HEADQUARTERS AND PORT OF SUPPLY

As the passage of four years marked physical growth in Alexandria, so it made a difference between a lad barely seventeen and an officer in His Majesty's Militia. Early in November 1753, Major George Washington, aged twenty-one, and an Adjutant General of the Colony, was sent by the Royal Governor to the Ohio to "visit" the commandant of the French forces and deliver a letter asking him to withdraw from the lands "known to be the property of the Crown of Great Britain." Up to town came Major Washington to busy himself acquiring the "necessaries" for the expedition. Once equipped, he set out from Alexandria and was gone about two months, returning on January 11, 1754. January 16 found him in Williamsburg making his report to the Governor. The report was of such a nature that His Excellency alerted the Virginia troops; it was deemed of such importance as to be published in both Williamsburg and London gazettes.

When Washington returned he carried a commission from His Excellency of a lieutenant colonelcy in the Virginia regiment "whereof Joshua Fry, Esquire, was Colonel," and joined his command in Alexandria. The market square took on a militant atmosphere. "Two Companies of Foot, commanded by Captain Peter Hog and Lieutenant Jacob Van Braam, five subalterns, two Sergeants, six Corporals, one Drummer and one hundred and twenty Soldiers, one Surgeon, one Swedish Gentleman, who was a volunteer, two wagons, guarded by one Lieutenant, Sergeant, Corporal and twenty-five soldiers," were all under the command of Lieutenant Colonel Washington.[28]

Many brave young men newly outfitted in the colorful uniforms of His Majesty's Militia, short clothes and white wigs, drilling in the market square, swaggering around the town, filling up the new City Tavern. Dances and dinners for the officers were the order of the day. Then came the command for Washington to join Fry in defending British possessions against the French, who had continued their depredations despite the earlier diplomatic parley, and had not removed from the lands claimed as the property of Great Britain.

Came April 2, and from the market place crowded with citizens, "Every thing being ready," the commander, aged twenty-two, gave the order and the company set forth to the strident beats of one drummer.[29] As the creaking wheels of the two wagons and the tramp of marching feet faded out of hearing, Alexandria had sent her sons off to her first war.

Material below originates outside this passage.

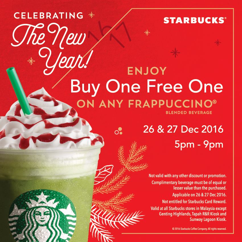 The holiday celebration continues as we now countdown to the New Year! Tomorrow and 27th, enjoy Buy One Free One on your favorite Frappuccino. Merry Christmas and Happy New Year!Starbucks Malaysia Buy 1 Free 1 Promo Terms & Conditions

While Lieutenant Colonel Washington was occupied in so spectacular a fashion, the town trustees were not without their troubles, also. People were delinquent about complying with the Assembly laws. In June 1754, the trustees ordered that various lots not built upon be put up at auction and sold to the highest bidder. They were in earnest about this dereliction on the part of purchasers, and seven lots were forfeited at this time. Among those paying such a penalty was George Washington's half-brother, Augustine Washington.

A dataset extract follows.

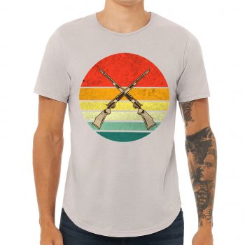 Hunting Guns Curved Hem T-Shirt – Retro Design T-Shirt – Retro Sunset Curved Hem Tee
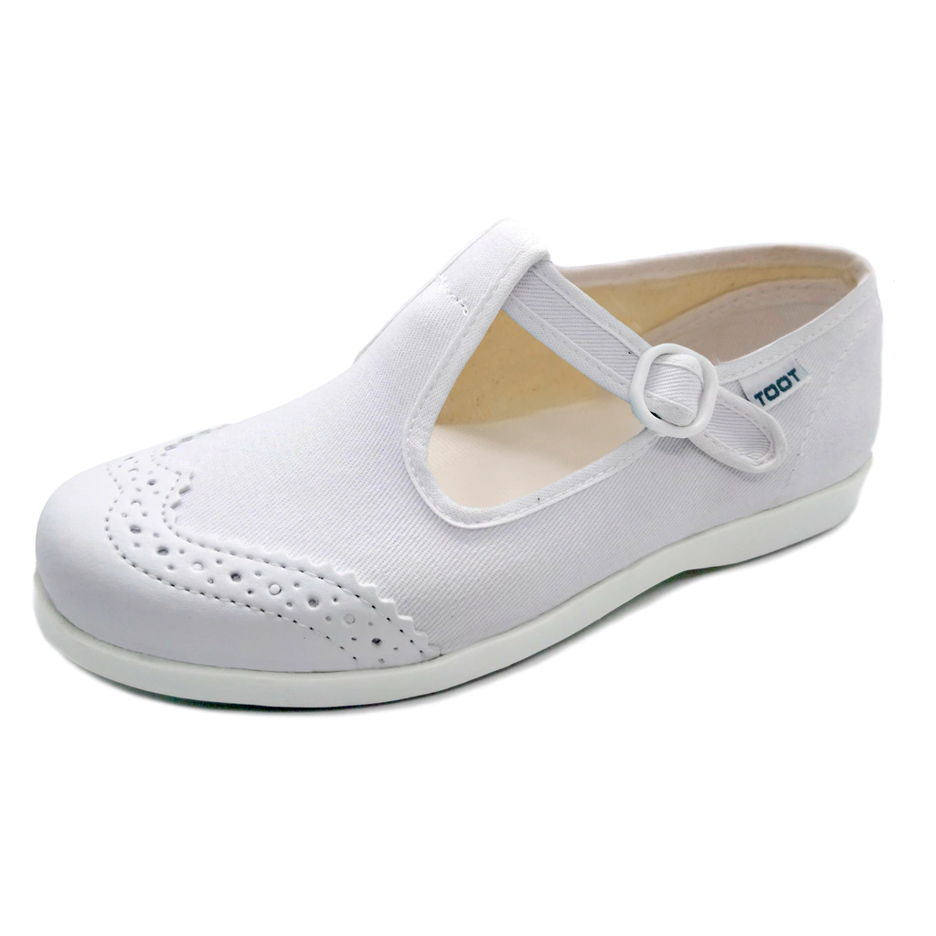 Guillermina clásica en gabardina con hebilla y puntera picada en ecocuero .Suela flexible, liviana y antideslizante Primeros caminantes Ideal para Cortejos y Bautismo

By December 1754, public buildings were well under way, the courthouse lot was ordered "paled in with Posts and Rails in a workman-like manner," and John Carlyle, John Dalton, George Johnston and William Ramsay were appointed to see what was necessary to be done to the finishing of the courthouse.

Within the year, his expedition defeated, Washington was back at Mount Vernon, and very irritated by army orders demoting colonials of the same grade and rank below the British regulars. Despite a vote of commendation by the Burgesses and the sum of £50 voted for his services, he threw up his commission.

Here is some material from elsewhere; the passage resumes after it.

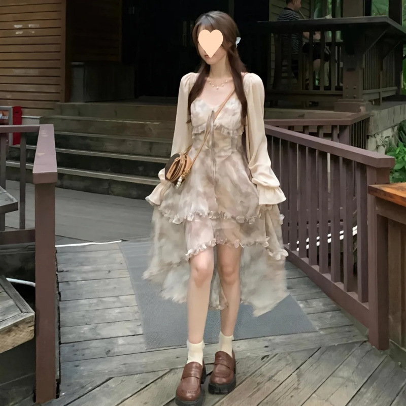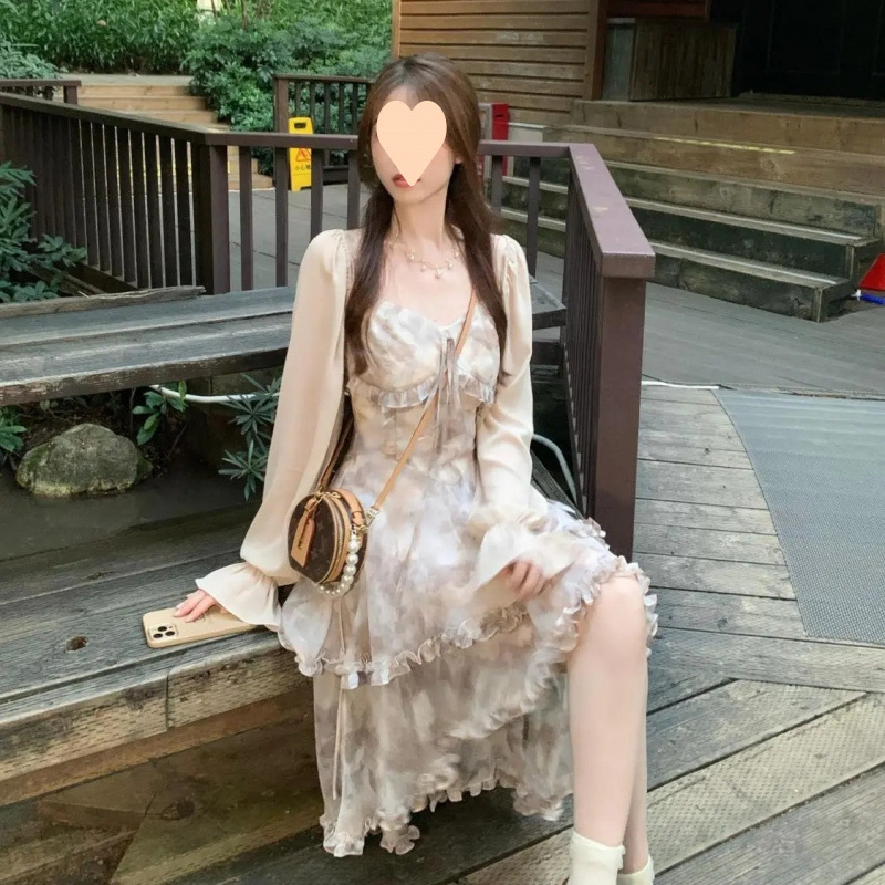 잉크 잉장 서스펜더 드레스, 우아하고 우아한 꽃무늬 롱 스커트, 여성용 달콤한 쉬폰 가디건 여름 슈트

The French continued hostilities, stirring up the Indians and causing no end of trouble. His Majesty's government became sufficiently exercised to dispatch an officer of the line, Major General Edward Braddock, two warships in which were stowed a fine arsenal of powder, rifles, and cannon, and two regiments of regulars. Word reached Alexandria in February of Braddock's arrival in Williamsburg and that he and the Governor were in conference. The first result of this conference was a letter to "Mr. George Washington" written on March 2, 1755, and dispatched in the person of General Braddock's aide-de-camp, Lieutenant Robert Orme, requesting the presence of Mr. Washington as a member of the General's military family. This, thought the Governor and the General, would do away with any unpleasantness due to difference in rank. A second decision reached in Williamsburg was one that resounded along the Atlantic seaboard—to call a conference of the colonial governors to consider ways, and especially means, of waging the coming campaign. Alexandria was chosen as a meeting place and the day set was April 14, 1755.

In the meantime, the English warships Sea Horse and Nightingale under command of Admiral Keppel arrived in Alexandria. Two of His Majesty's regiments disembarked from the sea-grimed ships and the Redcoats in formation marched to the "northwest of the town" led by Colonel Sir Peter Halket and Colonel Dunbar. The humbler citizens had never seen such a sight; neither had the Redcoats, and up went British noses for all things Colonial. The regulars promptly dubbed the militia "Bobtails."